Every line of the data should be written out exactly, with the pictures left out.

> Stored data
● ● ● ●

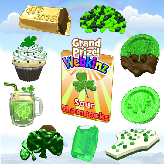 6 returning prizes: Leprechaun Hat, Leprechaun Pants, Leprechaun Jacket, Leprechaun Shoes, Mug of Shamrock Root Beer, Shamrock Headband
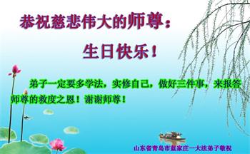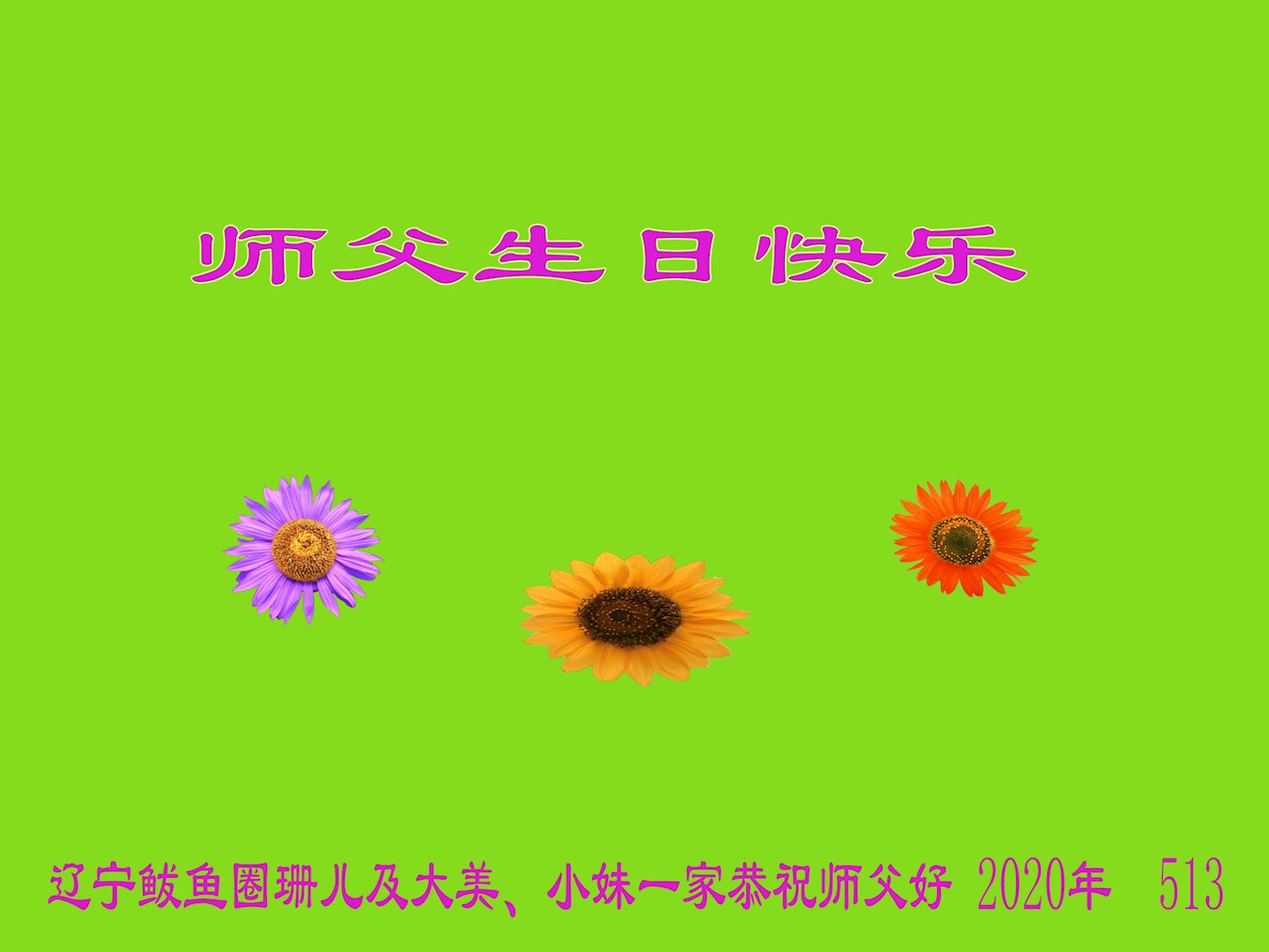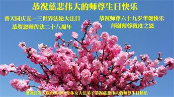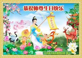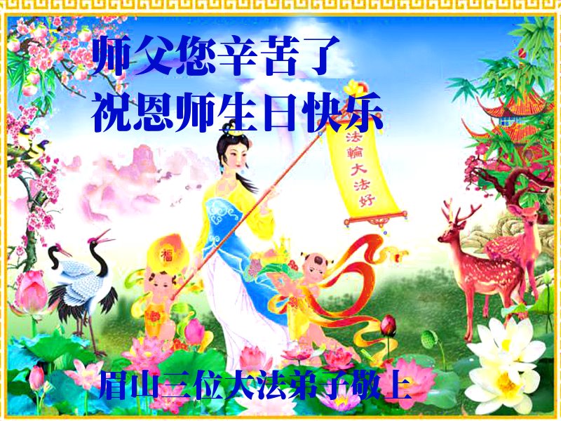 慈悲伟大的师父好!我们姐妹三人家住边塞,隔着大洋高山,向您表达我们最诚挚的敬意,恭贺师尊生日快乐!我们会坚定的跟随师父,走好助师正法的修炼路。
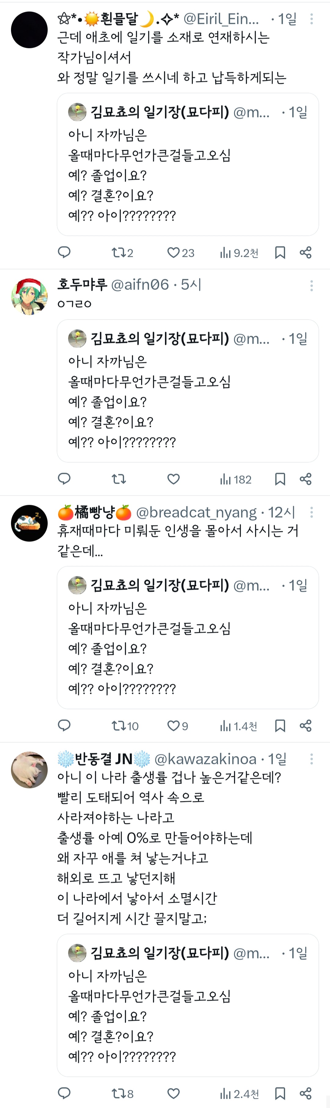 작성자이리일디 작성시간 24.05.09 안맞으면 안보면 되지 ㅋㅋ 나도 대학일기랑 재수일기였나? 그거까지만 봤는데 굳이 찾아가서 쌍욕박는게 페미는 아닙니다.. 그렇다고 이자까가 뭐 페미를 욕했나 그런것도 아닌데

● ● ● ●

> Exercise output
 6 returning prizes: Leprechaun Hat, Leprechaun Pants, Leprechaun Jacket, Leprechaun Shoes, Mug of Shamrock Root Beer, Shamrock Headband
 慈悲伟大的师父好!我们姐妹三人家住边塞,隔着大洋高山,向您表达我们最诚挚的敬意,恭贺师尊生日快乐!我们会坚定的跟随师父,走好助师正法的修炼路。
 작성자이리일디 작성시간 24.05.09 안맞으면 안보면 되지 ㅋㅋ 나도 대학일기랑 재수일기였나? 그거까지만 봤는데 굳이 찾아가서 쌍욕박는게 페미는 아닙니다.. 그렇다고 이자까가 뭐 페미를 욕했나 그런것도 아닌데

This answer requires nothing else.